インプラントのメンテナンス費用|頻度と検診内容を解説

「インプラント治療後のメンテナンスは何をするの?費用はいくらかかるの?」と気になっている方は多いのではないでしょうか。結論からお伝えすると、インプラントのメンテナンスは年2〜4回の定期検診が基本で、1回あたりの費用は3,000〜10,000円程度です。メンテナンスを怠るとインプラント周囲炎を発症し、最悪の場合インプラントが脱落するリスクがあります。本記事では、検診の具体的な内容・費用・通院頻度から自宅でのセルフケア、保証制度との関係、転居時の対応、そしてメンテナンス体制の整ったクリニックの見極め方まで網羅的に解説します。

インプラントのメンテナンスが必要な理由

インプラントは人工物のため虫歯にはなりません。しかし、天然歯と異なる構造上の特性があり、治療後のメンテナンスが不可欠です。
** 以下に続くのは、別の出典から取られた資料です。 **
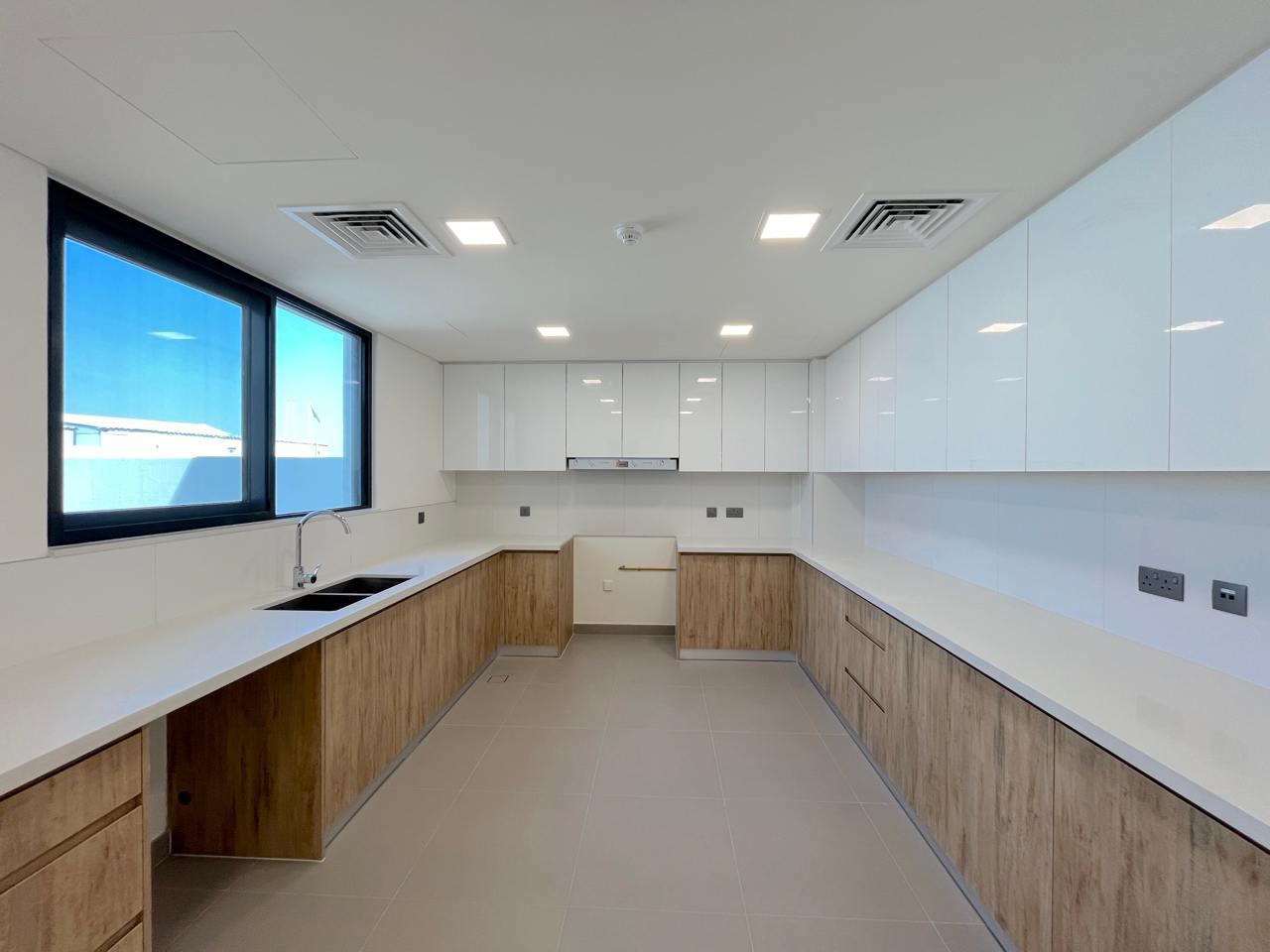 The kitchen is modern, fully fitted with high-quality cabinetry and ample storage, making it ideal for family use. The villa also includes a maid’s room and covered parking, ensuring a complete and convenient living experience.

天然歯とインプラントの構造の違いを示す断面比較図(歯根膜の有無)

天然歯との構造的な違い

天然歯の歯根と顎の骨の間には**歯根膜(しこんまく)**と呼ばれる薄い組織があります。歯根膜には以下の重要な役割があります。

  • クッション機能:噛んだときの衝撃を吸収する
  • 感覚機能:噛む力の強さや異物を感知する
  • 防御機能:細菌の侵入を防ぐバリアとして機能する

一方、インプラントは顎の骨に直接結合(オッセオインテグレーション)しており、歯根膜が存在しません。そのため、天然歯と比べて以下のリスクがあります。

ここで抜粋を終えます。